WORK TASK: In the listing below, locate the line with "Ноутбучний HDD HITACHI" and the line with "By that time", then output both and everything between them exactly, minus any pictures.

LISTED RECORDS:
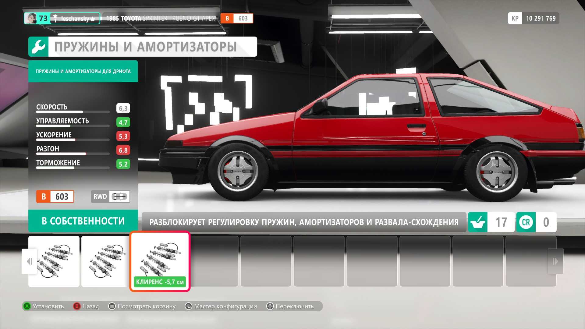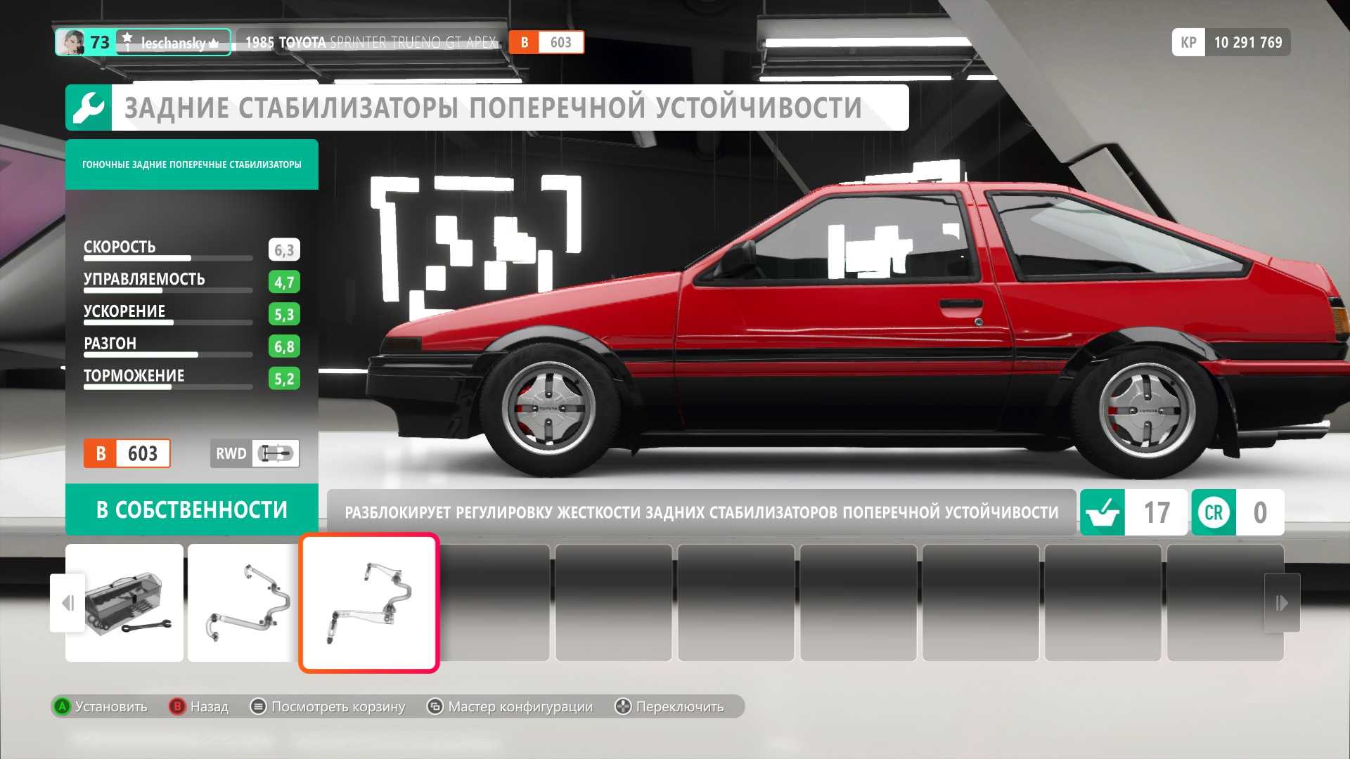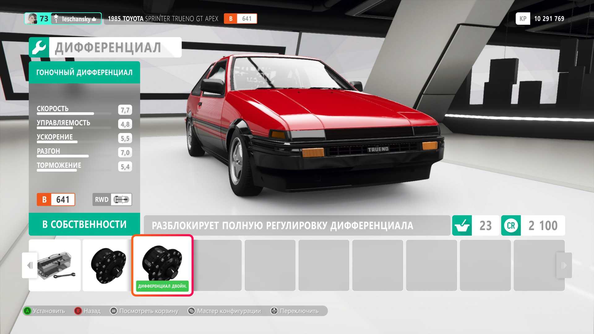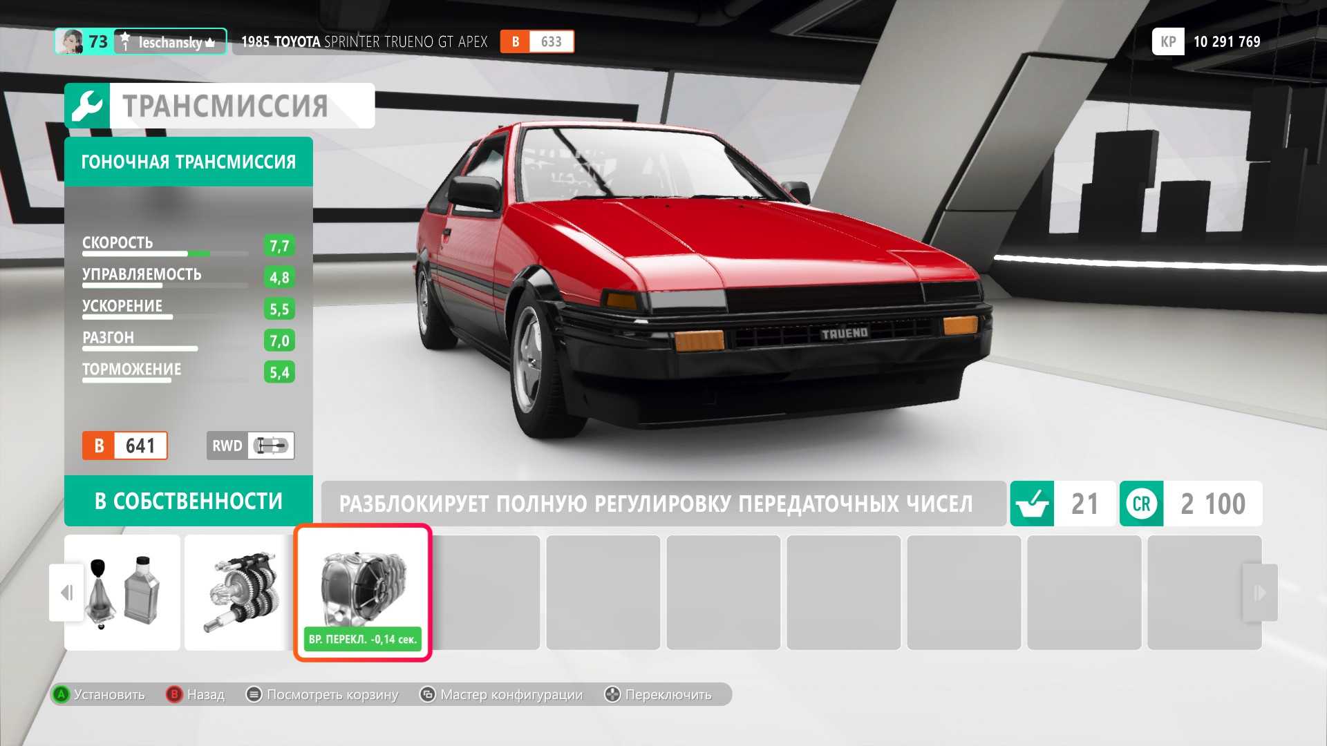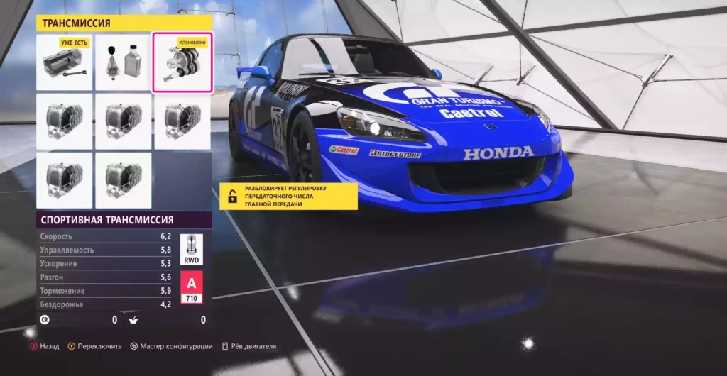 - Гоночная трансмиссия (2400 КР): позволит разблокировать регулировку передаточного числа главной передачи, которая понадобится для тонкой настройки автомобиля;
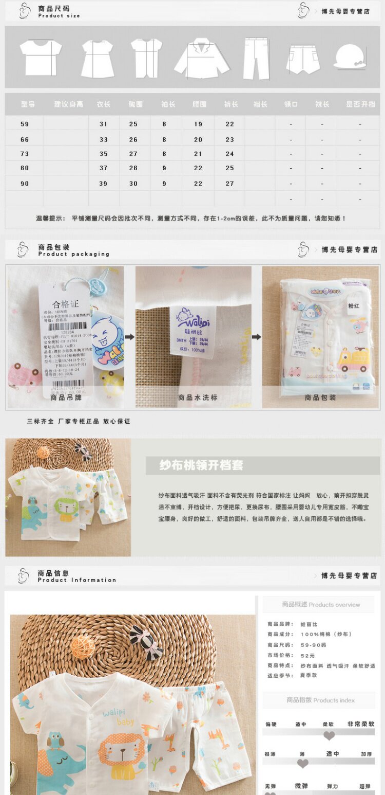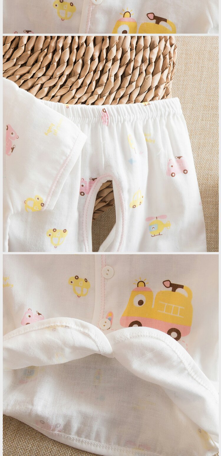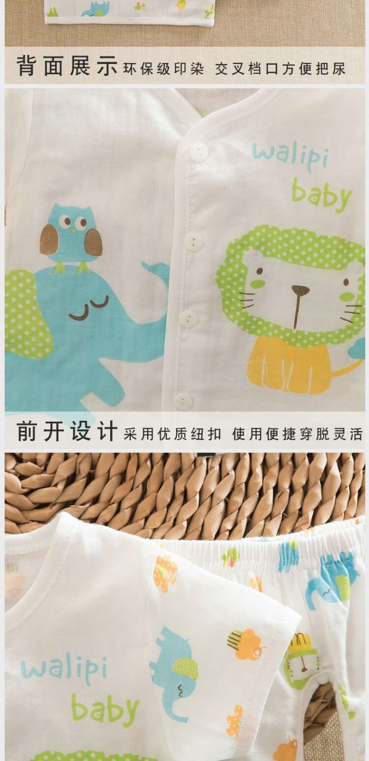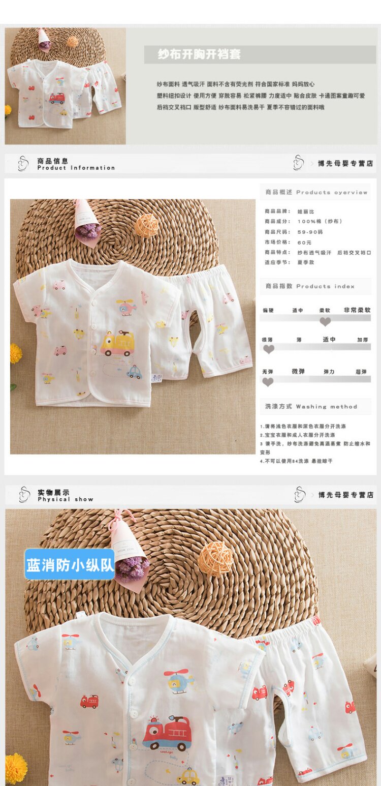 Летний детский хлопковый марлевый летний костюм, комплект для раннего возраста, короткий рукав
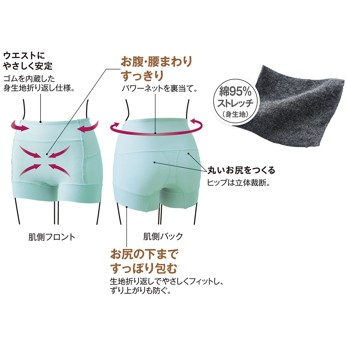 肌側バック (1)お腹・腰まわりすっきり パワーネットを裏当て。(2)丸いお尻をつくるヒップは立体裁断。(3)お尻の下まですっぽり包む 生地折り返しでやさしくフィットし、ずり上がりも防ぐ。
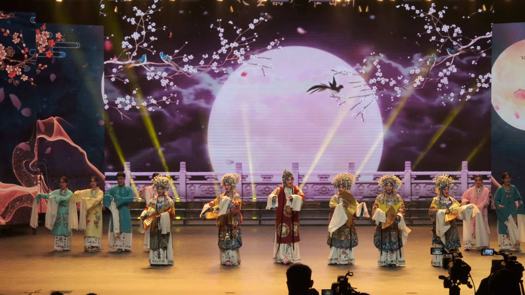 当角色上台一亮相,那一身精致的扮相,一副传统的唱腔,观众们的注意力全部集中于台上这瑰丽的国粹表演。戏曲队的《梅韵新声》选唱了三段经典曲目,彼此扣合,遥相呼应,词曲典雅,感人肺腑。曲罢,众人依旧如痴如醉,震撼不已。
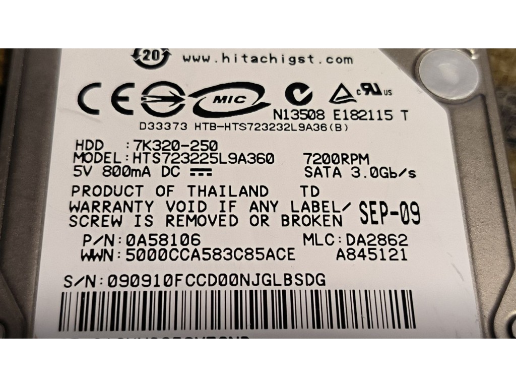 Ноутбучний HDD HITACHI HTS723225L9A360 250GB 7200RPM №12
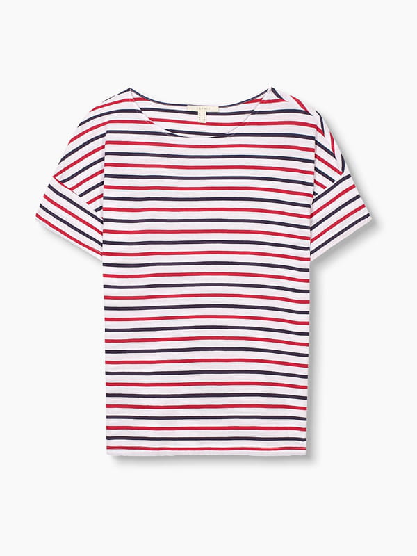 T-shirt blanc en coton à rayures marine et rouges de Esprit
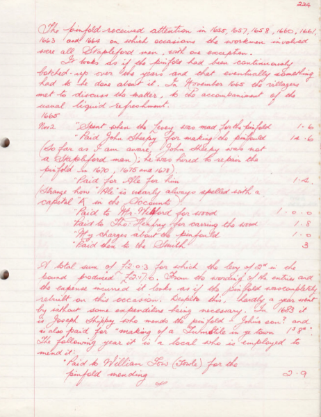 By that time Bernard had moved to the West Country, and it was not until April that we were able to collect the papers from a small village deep in Exmoor. After sorting through them, we managed—fortunately—to fit the Stapleford papers into the car boot and back seat, and brought them home for closer examination. Among them were numerous notebooks containing Ralph’s notes and many old copies of documents from the Public Record Office, but the most important were the two histories of Stapleford that Ralph had written.
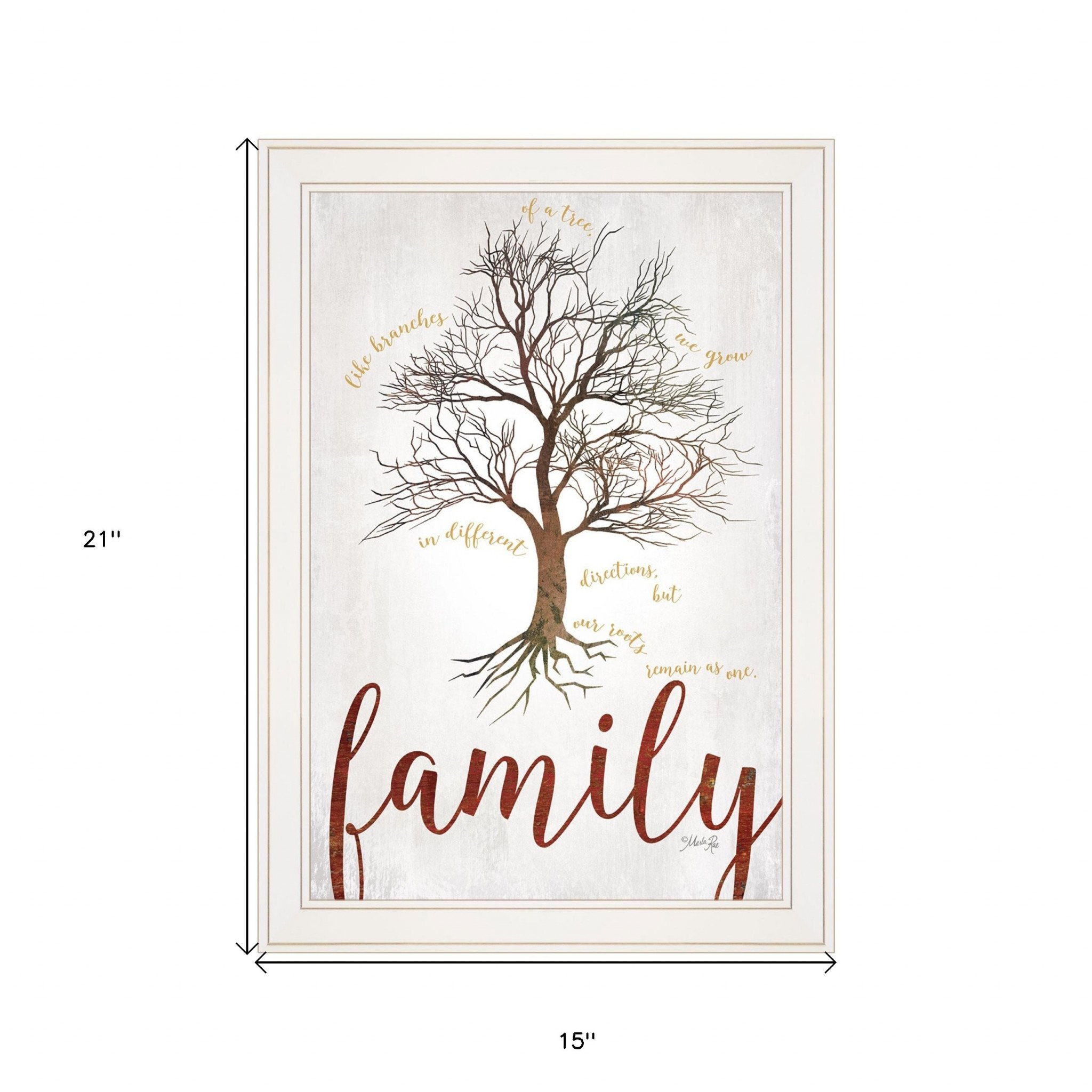 This family tree 1 white framed print wall art will add a beautiful decorative accent to your decor. This print is a visual artistic expression that allows you to decorate your space in style. Reproduced for you on paper, this hanging decorative accent will be a trendy and fashionable way to dress your walls. Adding this hanging wall art to your space to make your room feel more finished and attractive. Instantly liven up your space with this art that brings color and dimension to your walls. 21-inch H x 15-inch W x 1-inch D
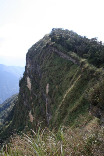 崩塌地,須橫切約10公尺,土石鬆軟,踏足點狹小,小心通過。不小心滑落則幸好只深約10公尺,不會太危險,但要爬上來也不容易。過後出現芒草地,路跡明顯,展望極佳,可遠眺曾文水庫。H1982m |
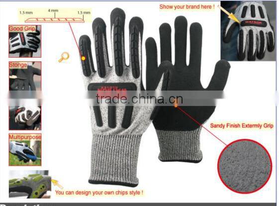 13 gague black nylon, HPPE and glassfiber coated balck sandy nitrile on palm ,and black TPR on glove back
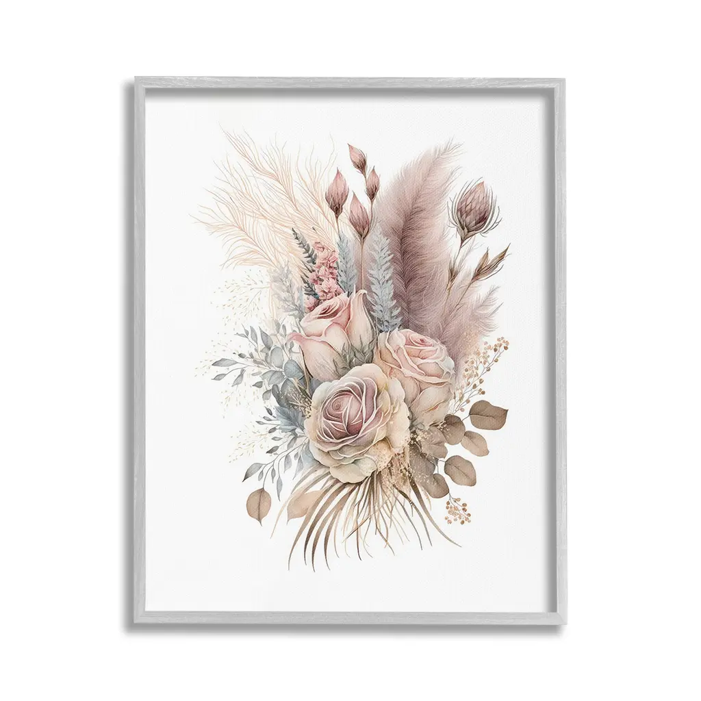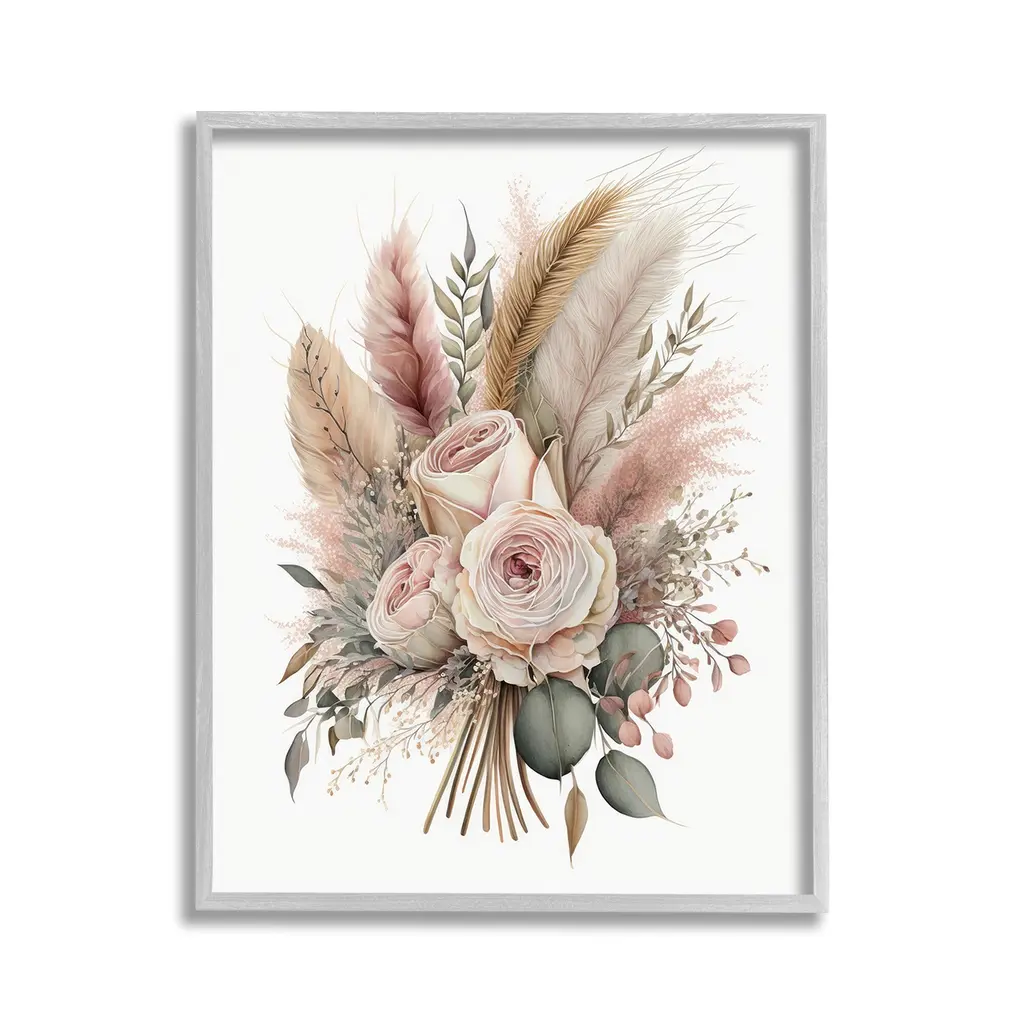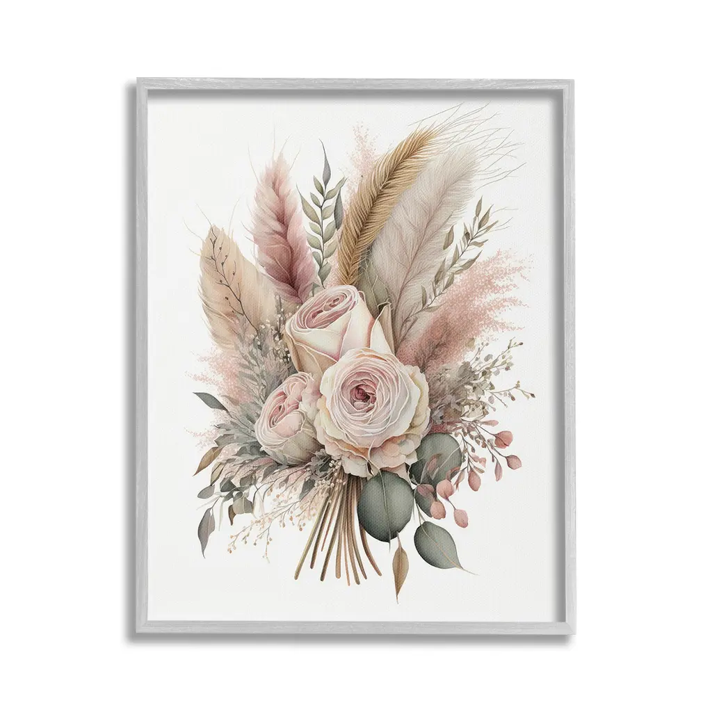Add dimension to any room with our textured Framed Giclee Artwork. Our framed artwork is securely mounted into a 1.5-inch thick wood grain frame and ready to hang. Frames are available in three alluring styles: black, gray farmhouse and white. In addition, you should check out our oversized options if you want a statement piece. Stupell Wall Art is made in the USA.Features: Dimensions: 11 x 1.5 x 14 FramedFramed Giclee Products are available in the sizes 11"x14", 16"x20" or 24"x30". All Framed Giclee Products have a 1.5" Depth. Wall Art is Ready to Hang with Hardware Free Hanging. No installation required. For Easy Set Up Lean or Layer Artwork on Shelf or Against Wall.Our giclée prints are carefully mounted on a durable MDF backing, and then perfectly finished in a 1.5 inch thick woodgrain frame. Mounted frame colors include black, gray farmhouse and white. Made In USA.Artwork Relates To: Flower, Floral, Botanical, Plant, Leaf, Minimal, Traditional, Feather, Rose, BohoDesign by LSR Design Studio

RESULT OF THIS EXERCISE:
 Ноутбучний HDD HITACHI HTS723225L9A360 250GB 7200RPM №12
 T-shirt blanc en coton à rayures marine et rouges de Esprit
 By that time Bernard had moved to the West Country, and it was not until April that we were able to collect the papers from a small village deep in Exmoor. After sorting through them, we managed—fortunately—to fit the Stapleford papers into the car boot and back seat, and brought them home for closer examination. Among them were numerous notebooks containing Ralph’s notes and many old copies of documents from the Public Record Office, but the most important were the two histories of Stapleford that Ralph had written.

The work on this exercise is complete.